The RUHM framework for rapid rating curve uncertainty estimation: comparison to power-law methods and potential using drone-derived data

Climate change, together with other natural and anthropogenic drivers lead to changes in streamflow patterns that are now occurring with increasing frequency. At the same time traditional streamflow monitoring methods are time-consuming and costly so that it typically takes many years of significant field efforts to establish reliable streamflow data for a new location or for stations with major temporal changes to the stage—discharge relation. To provide timely and reliable streamflow data to tackle these changes to the hydrological regime and their impacts on society’s water management requires new cost-effective monitoring methods that can rapidly produce data with low uncertainty. Hydraulically modelled rating curves are a promising alternative to traditional power-law methods as they need much fewer calibration gaugings, but they are associated with additional uncertainty sources in the hydraulic knowledge and these need to be assessed.
We present the Rating curve Uncertainty estimation using Hydraulic Modelling (RUHM) framework which was developed to rapidly estimate rating curves and their uncertainty. The RUHM framework combines a one-dimensional hydraulic model with Bayesian inference to incorporate information from both hydraulic knowledge and the calibration gauging data. In this study we compare RUHM and the Bayesian power-law method BaRatin in application to a Swedish site using nine different gauging strategies associated with different costs. We compare results for the two methods in terms of accuracy, cost and time required for establishing rating curves. 

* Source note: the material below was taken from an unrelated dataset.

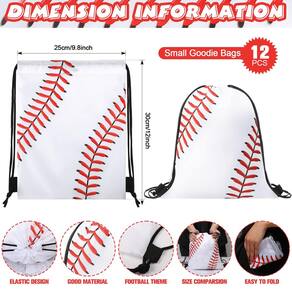 Funcionalidades Aplicável a várias ocasiões: Estes acessórios de beisebol são leves, bonitos e fáceis de transportar. Pode ser aplicado como presentes requintados, adequados para festas temáticas de beisebol, festas de aniversário, jogos de beisebol escolares, festas de sala de aula ou outras festas temáticas esportivas, tornando sua vida mais colorida. Enérgico e atraente: Estes presentes de time de beisebol são presentes delicados para jogadores de beisebol, entusiastas de esportes e muito mais, e eles ficarão encantados em receber presentes tão significativos quando os receberem. Especificações: Material: Chaveiro: PVC e botão de metal Pulseira: corda de cera e PVC Sotball: espuma Bolsa com cordão: poliéster Cor: como mostrado nas imagens Tamanho: como mostrado nas imagens Conteúdo da embalagem: 12 x mochilas com cordão de beisebol 12 x mini bolas de softbol de PVC. 12 chaveiros de beisebol. 12 x pulseiras trançadas de linha de cera de beisebol Aviso: Medição manual, considere pequenos erros no tamanho. A cor pode existir uma ligeira diferença devido a diferentes ecrãs. Peças pequenas e pontiagudas contidas, mantenha longe de crianças pequenas. - Conteúdo da embalagem: o conjunto de lembrancinhas de festa de beisebol inclui 12 mochilas de cordão de beisebol, 12 mini bolas de softball, 12 chaveiros de beisebol, 12 pulseiras trançadas de fio de cera de beisebol; rico em quantidade e estilo, o suficiente para atender às suas necessidades de uso diário e também pode ser compartilhado com membros do seu time e mostrar o estilo do time - Materiais de qualidade: os chaveiros de beisebol são feitos de PVC de qualidade e botão de metal, a pulseira de beisebol é feita de corda de cera e PVC, o mini beisebol é feito de esponja de espuma e os sacos de cordão de beisebol são feitos de tecidos de poliéster; esses suprimentos de festa de beisebol podem atendê-lo por um longo tempo - Design de tema de beisebol elegante: nossos suprimentos de tema de beisebol são projetados com padrão de beisebol vívido, cheio de vitalidade e energia, adequado para várias ocasiões esportivas; você pode usá-los orgulhosamente durante os jogos para exibir seu espírito de equipe e suporte - Decoração requintada: os chaveiros de beisebol podem ser pendurados em bolsas escolares ou carteiras, trazendo uma sensação animada e inspiradora aos seus pertences pessoais; a bolsa de cordão de beisebol pode conter cadernos, garrafas de água, celular e outros itens do dia; A pulseira de beisebol pode ser aplicada como decoração para mostrar o espírito de equipe usando-a; A mini beisebol é macia ao toque e pode ser usada para aliviar o desconforto e relaxar - Amplas aplicações: estes presentes de beisebol para equipe têm cores brilhantes e padrões vibrantes, mostrando sua juventude e vitalidade; eles podem ser aplicados como enchimentos de sacolas de presente, enchimentos de cestas, presentes para colegas de equipe, recompensas de sala de aula e muito mais. ; Também pode ser aplicado como presentes requintados para jogadores de beisebol, entusiastas de esportes, meninos e meninas
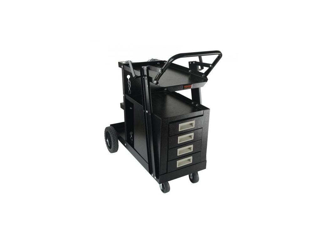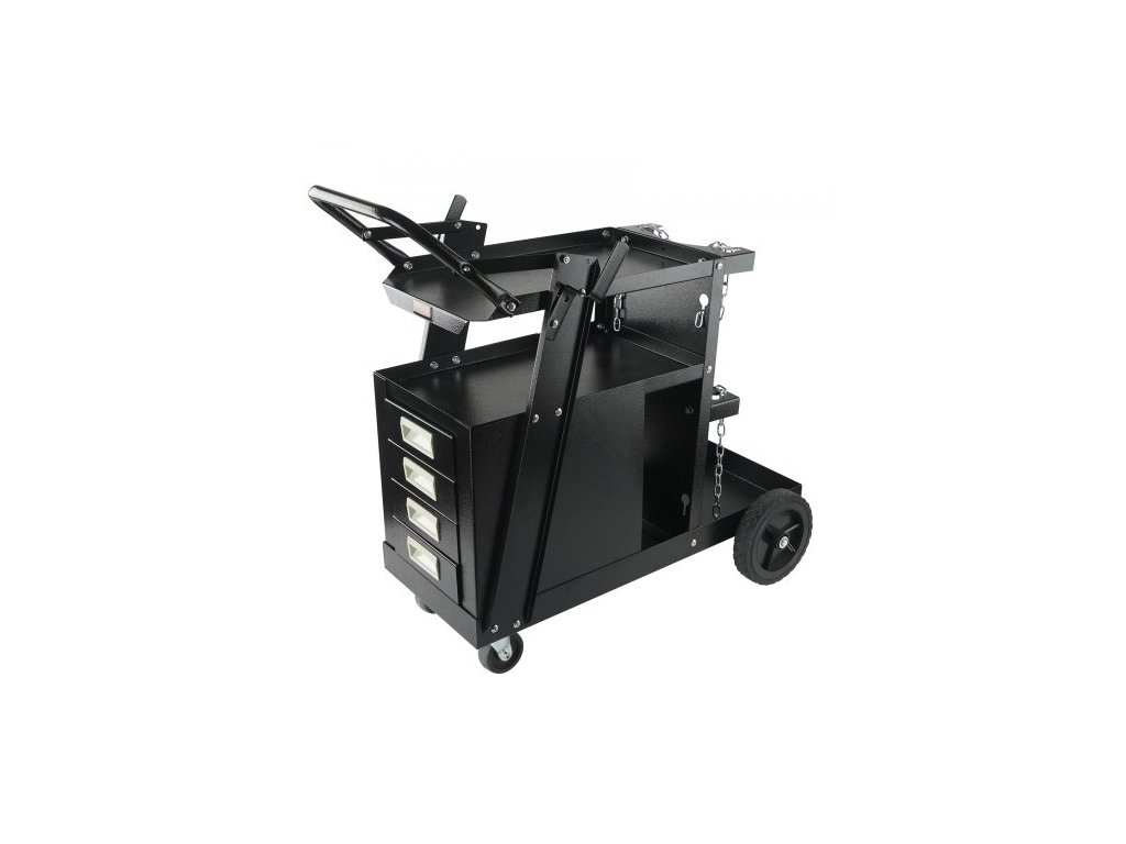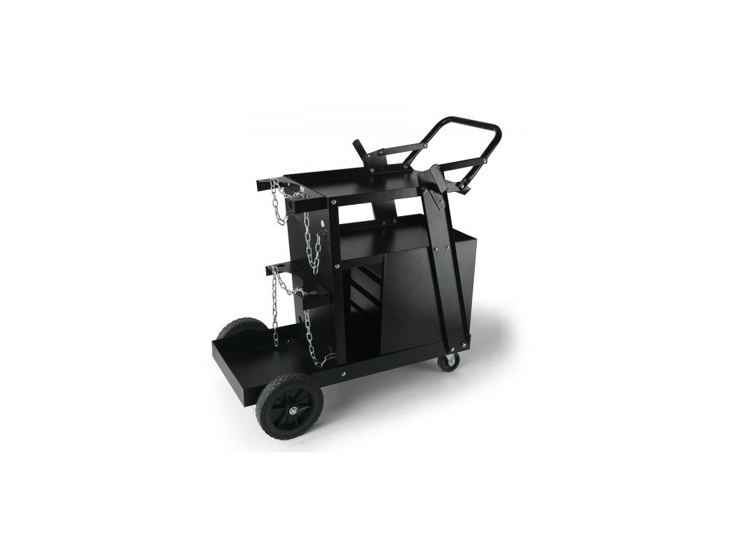 Svářečský vozík , 2patrový, 4zásuvkový, nosnost 120,2 kg, otočná kolečka o 360°, bezpečnostní řetězy pro uložení nádrže, odolný vozík pro MIG svářečku a plazmovou řezačku

We found that rating curves with low uncertainty could be modelled with fewer gaugings for RUHM compared to BaRatin. As few as three gaugings were needed with RUHM if these gaugings covered low and medium flows, whereas high flow gaugings were not necessary. This makes the RUHM method both cost effective and time efficient as low and medium flows occur more frequently than high flows. When using all gaugings (i.e., a high-cost gauging strategy), the uncertainty for RUHM and BaRatin was similar. The results for this Swedish site show that hydraulic rating curve uncertainty estimation is a promising tool for quickly estimating rating curves and their uncertainties. Finally, we discuss the potential of using RUHM together with drone-derived data to make field efforts even more efficient.